Unless a settlement is reached, a win for Tirado in federal court would not simply just be for her. A verdict in her favor would be a part of federal case law, and a precedent that journalists who face police violence could reference. That’s a legal weapon press freedom advocates would utilize to inspire real change in how American police treat protesters and the press.
“This is a federal case under the Civil Rights Act; any decision of the court will be a persuasive authority,” Tirado’s lawyer, Tai-Heng Cheng, told FAIR. Cheng said a decision in his client’s favor “will be a case that will be referred to by journalists who are victims all around the country,” in hopes that it would “precipitate change in how [police] conduct their operations.”
“The case has already resulted in what I would argue is a fairer system; I think that is ultimately the goal here,” Tirado said.

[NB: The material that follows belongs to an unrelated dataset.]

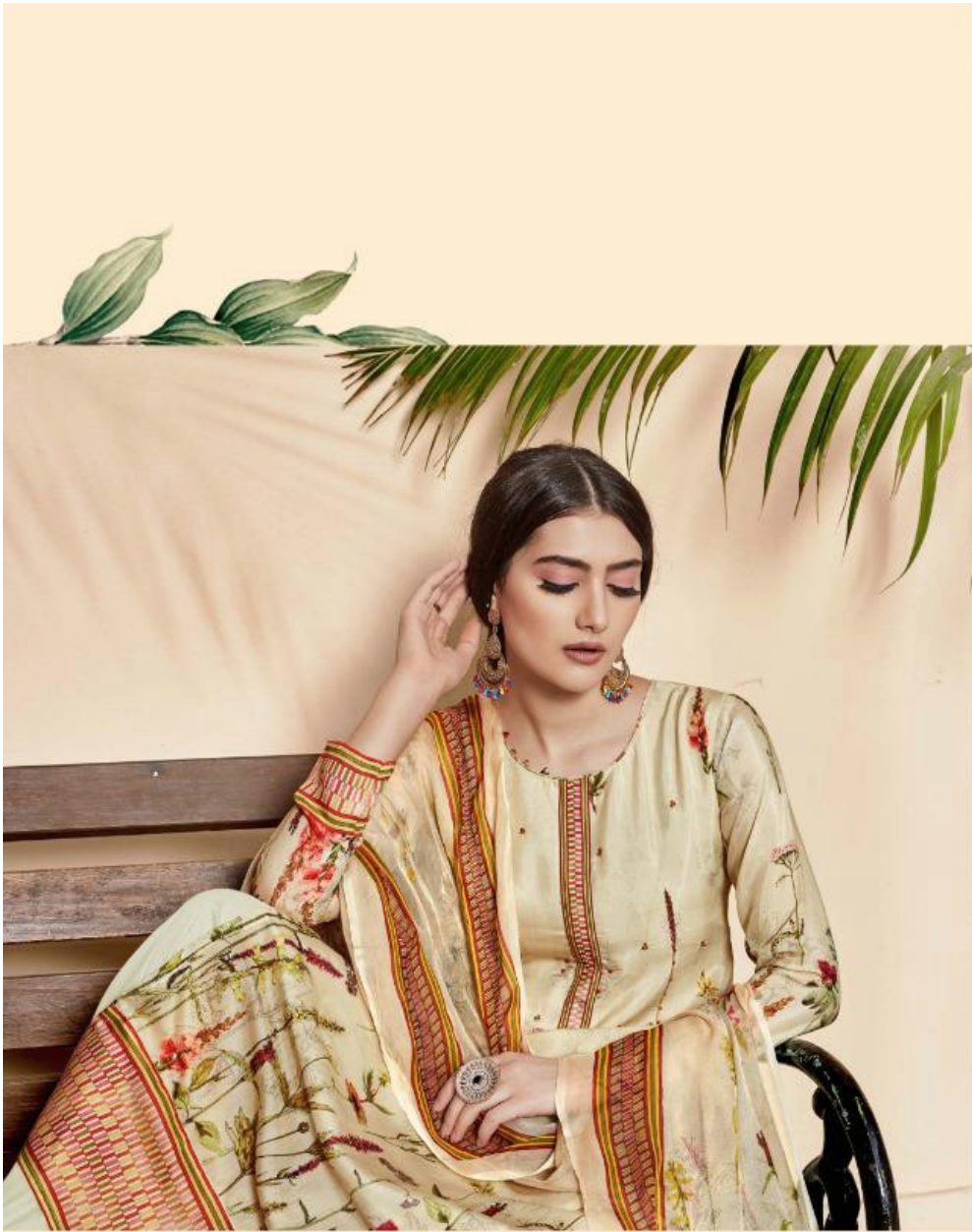
STYLE - 2004

While she insists that she should be made whole—“I should not have to incur these expenses,” she said—the broader issue of the “chilling of the press has been the thing that has consistently outraged me.” While losing an eye has been “life-altering,” Tirado said, she “wouldn’t be so mad about it if it had been in a hunting accident.”
Transcending ‘He Said, She Said’
While Tirado’s case has been covered by corporate media as well as press freedom organizations, very little of this coverage connects her injury to the fact that she is precisely the kind of inequality-minded reporter, earthed in her own experience of poverty, that the US press desperately needs more of. Tirado’s journalism transcends the “he said, she said” mainstream; her work is both personal and outward-looking, fighting against both poverty itself and popular misconceptions about the subject of US poverty.

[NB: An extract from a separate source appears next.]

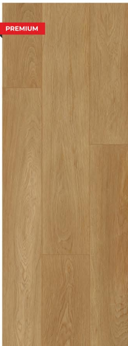
NATURAL OAK 181x1220mm

David Shipler in the New York Times (12/26/14) called her book Hand to Mouth, which recounts her own experience as part of the working poor, “refreshingly infuriated.” Shipler offered some media self-reflection: “It’s rare to hear directly from the poor. Usually their voices are filtered through journalists or activists. So Tirado’s raw clarity is startling.”
The candor in her writing is a reflection of her no-filter, working-class attitude that has a backhanded welcomeness to a profession too often hung up on formalities and a pretense of disinterest. Upon hearing FAIR’s first question, which was about how she had been coping with her disability, she laughed, “Wow, hell of an opener there, buddy.”
Another review (Guardian, 9/24/14) noted that her book is an indictment of the myth that “the only barrier between her and success is her own mentality.” This makes her a kind of anti–J.D. Vance, the venture capitalist whose book Hillbilly Elegy situated rural poverty as a problem of culture (although the author has now remade himself as a nationalist demagogue in the mold of Donald Trump—CNN, 7/6/21; Atlantic, 7/14/21). Vance, of course, has long enjoyed far more media attention than Tirado—Fox News host Tucker Carlson loves him (Business Insider, 7/2/21)—which suggests what kind of populism corporate media find genuinely threatening.
Obviously, there is little reason to think the police who blinded Tirado knew much about her, besides the fact that she dared to cover a protest against police violence. But her maiming by police highlights that the attack on Black Lives Matter is an attack on all oppressed people who publicly register their discontent.